Chinese insurer makes breakthrough in AI medical imaging

| 06 Apr 2021

In a research paper published in the international journal Nature Communications, Ping An AskBob Doctor's smart imaging model for diagnosing pelvic and hip injuries has been shown to overcome the limitation of other artificial intelligence (AI) systems, which can only detect individual fractures.

The model, a deep learning algorithm, can help physicians make faster, more accurate diagnoses and save lives. Hip fractures mainly occur in elderly people and patients with major trauma. Although they are not directly fatal, complications can lead to a high mortality rate. Reducing the rate of missed diagnoses, improving the comprehensiveness of the detection and providing accurate diagnoses are critical.

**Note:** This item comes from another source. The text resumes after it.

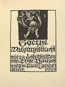 - Johann Wolfgang von Goethe: Walpurgisnacht. Mit 20 Holzschnitten von Ernst Barlach. Paul Cassirer, Berlin 1993, DNB 36143331X (haab-digital.klassik-stiftung.de – Erstausgabe: 1923, Nachdruck: Von diesem Buch wurden zuvor 120 nummerierte Exemplare bei Poeschel & Trepte in Leipzig auf echtes Zandersbüttenpapier gedruckt. Jedes Buch ist von Ernst Barlach handschriftlich gezeichnet).

Ping An Health Technology Research Institute, Ping An Smart City, Ping An Good Doctor and the Department of Trauma and Emergency Surgery of Chang Gung Memorial Hospital in Taiwan jointly released the research paper "A scalable physician-level deep learning algorithm detects universal trauma on pelvic radiographs".

The research team gathered the pelvic X-ray data of 1,888 emergency room patients to evaluate the model's performance in obtain the fracture results and locations. It achieved an overall accuracy of 92.4%. Compared with general clinical diagnoses, the model substantially improves detection accuracy, speeds up the treatment progress, improves the treatment effectiveness on high-risk patients, and reduces the economic cost to patients through earlier detection and treatment.

As of March, 2021, the AskBob Doctor AI pelvic trauma detection technology has been used in the real-life clinical environment in Chang Gung Memorial Hospital in Taiwan for nearly eight months.

Since adopting the AI system, the misdiagnosis rate has dropped from 9.7% to 0.7% among emergency physicians, 11.3% to 1.58% among resident physicians and 6% to 0.5% among specialist physicians. The model has performed comparably to radiologists and certain orthopaedic specialists in terms of quantitative indicators such as sensitivity and specificity.